Yaşam kültürümüz tehdit altında
Daha sonra söz alan Yalı Konserleri'nin düzenleyicisi Zerhan Gökpınar’ın kızkardeşi Süveyda Birışık da şunlara değindi:
‘’Değerli dostlarım, sayın Avusturya Büyükelçisi de burada, hepiniz hoş geldiniz. Birlikte olduğumuz için çok mutluyuz. Küçük bir konuşma yapmak istiyorum.

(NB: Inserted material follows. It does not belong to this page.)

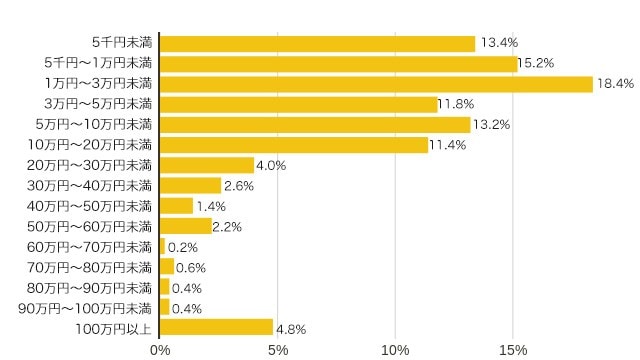 個人間のお金の貸し借りに関する調査。「貸した金額」もっとも多かったのは「1〜3万円未満」、次いで「5000〜1万円未満」、3番目が「5000円未満」でした。「貸した理由」で多かったのは「飲食代」や「欲しい物のため」など。

Onat Kutlar gibi, Zeynep Oral gibi bizler de ülkenin bilime ve sanata içtenlikle bağlı olanlarla aydınlığa çıkacağına inananlardanız. Yaşam kültürümüz tehdit altında. Her geçen gün uygar yaşamımız daralıyor. Özgür trend içinde yaşamak istiyoruz. Kin, nefret, inanç ayrımı olmadan yaşamak istiyoruz. Geleceğe güven duymak istiyoruz. Çocuklarımızın daha iyi bir dünyada yaşamasını istiyoruz. 2009’dan beri konserleri düzenli organize ediyoruz. Onun için bu vahada kötülükleri unutalım istiyoruz. Kış gibi ciddi bir konser sezonunda, etkinliklerimizi 2009’dan beri yapıyoruz. Bu ortamda güzel bir iş yaptığımıza her gün biraz daha fazla inanıyoruz. Müzik, insanları mutlu eden, iyileştiren bir gıda. Müzikle uğraşan insanlar, hassas, zevkli ve güzel insanlar. Biz bu insanlarla beraber kendimizi de iyileştiriyoruz. Şimdi bu konser ile ilgili bilgileri sizlere kardeşim anlatacak.’’

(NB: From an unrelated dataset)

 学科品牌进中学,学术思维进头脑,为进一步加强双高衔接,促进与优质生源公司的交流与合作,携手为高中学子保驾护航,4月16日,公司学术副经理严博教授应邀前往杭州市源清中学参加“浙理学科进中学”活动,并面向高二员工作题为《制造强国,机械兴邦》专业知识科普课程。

Zerhan Gökpınar da ‘’Buradaki konserlerimizin her zaman bir öncekine benzememesine gayret ediyoruz. Bunları da hep ilklerle devam ediyoruz. Bizim ilk piyano konserimiz yapıldığında, İlhan bey ile eşi bize çok katkıda bulundular. Bu piyanoyu da onlara borçluyuz. Bahçe konserlerimizi de Tuba Özkan ile Ayşegül Kirmanoğlu ile yapmıştık. Daha sonra da aynı ekiple iç mekan konseri yaptık. Bugün de Tuba ile klavsen konseri yapacağız. Hepinize iyi dinletiler dilerim.’’
Tamamı Barok dönem bestecilerin eserlerinden seçmelerin oluşturduğu konserde B.Marini, A.Corelli, D.Bextehude’nin çeşitli keman, viyola, viyolonselden oluşan triolarla klavsenin eklenmesi ile oluşan dörtlülerine yer verildi. Arada sanatçılar besteci ve eserleri ile kısa bilgiler de verdiler. Konser başarılı bir şekilde geçti. Adeta tüm Boğaz’a Barok esintileri yayıldı. Dinleyiciler memnuniyetlerini alkışlarla gösterdiler. Her zaman olduğu gibi, seçkin dinleyicilerin bulunduğu bir ortamda konser izlemenin de çok ayrıcalıklı olduğunu düşünüyorum. Bu bakımdan hem sanatçılara hem yöneticilere, asıl ise dinleyicilere çok teşekkür etmek gerekiyor. Bu kurum zaten dinleyicilerle ayakta kalabilmektedir.